Test architecture is a real thing

If you have automatic end-to-end tests, you have test architecture, even if you’ve never given it a thought.

Testing
Product

In this talk I will dive into the choices we at Neat have made in our test architecture in order to both preserve and create value for our company, customers and software development teams.

I will go through detailed, concrete choices in test code and move onward to the organization of frameworks, tools, processes and practices. I will cover the measures we have intentionally chosen in order to catch regressions, reduce false positives, write maintainable tests, understand test results and enable development teams to do their job faster and with increased confidence. While our specifics, embedded software and end-to-end tests written in Python may not match your situation, many of the questions we asked in order to determine the choices we have made are likely to be both relevant and perhaps even unthought for other teams.
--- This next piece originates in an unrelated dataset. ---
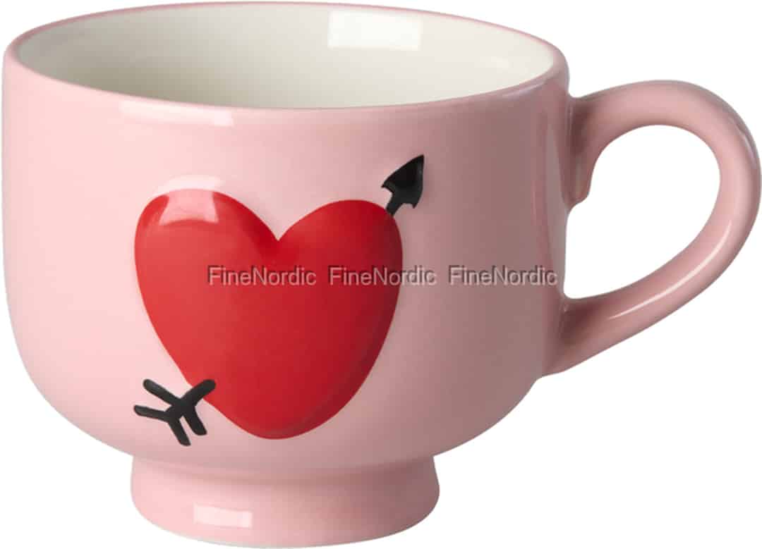 Rice Keramikmugg - Präglat hjärta - Rosa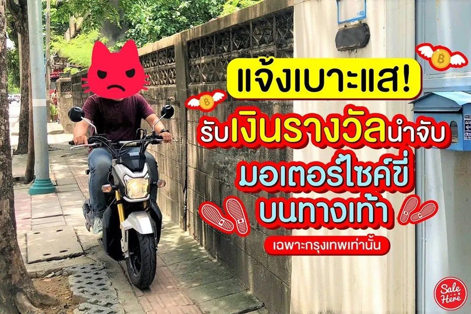 แจ้งจับ มอเตอร์ไซค์ขี่บนทางเท้า มีเงินรางวัลให้นะ!

Test architecture encompasses everything from code to more theoretical concerns like enterprise architecture, but with concrete, immediate consequences. Ignore it at your peril or at least come and find out that it’s a rich, challenging and rewarding domain.

James Westfall

James has been working for over 20 years in software and hardware development. He has worked with test automation since 2008 and has gradually switched from a successful developer and architect role over to an experienced test automation specialist role. James focuses on how automatic end-to-end testing can bring together all the participants in an agile team and deliver value early in the requirements gathering and active development stages, long before the software is close to being finished. When not giving Neat’s video-conference solutions strange dreams, James enjoys the Norwegian outdoors, especially when skiing and flyfishing.